> [TASK INSTRUCTIONS]: The required output is the lines below from the line containing "La sartén de" to the line containing "Цена указана за", inclusive, retyped exactly. No other lines belong in it.

> [DATA]:

****

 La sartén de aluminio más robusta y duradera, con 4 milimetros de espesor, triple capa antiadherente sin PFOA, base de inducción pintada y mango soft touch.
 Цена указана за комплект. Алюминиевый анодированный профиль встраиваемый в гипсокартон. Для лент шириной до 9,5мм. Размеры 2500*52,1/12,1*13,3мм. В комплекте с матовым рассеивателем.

****

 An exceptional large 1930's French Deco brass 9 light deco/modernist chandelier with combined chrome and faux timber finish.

****

> [TASK ANSWER]:
 La sartén de aluminio más robusta y duradera, con 4 milimetros de espesor, triple capa antiadherente sin PFOA, base de inducción pintada y mango soft touch.
 Цена указана за комплект. Алюминиевый анодированный профиль встраиваемый в гипсокартон. Для лент шириной до 9,5мм. Размеры 2500*52,1/12,1*13,3мм. В комплекте с матовым рассеивателем.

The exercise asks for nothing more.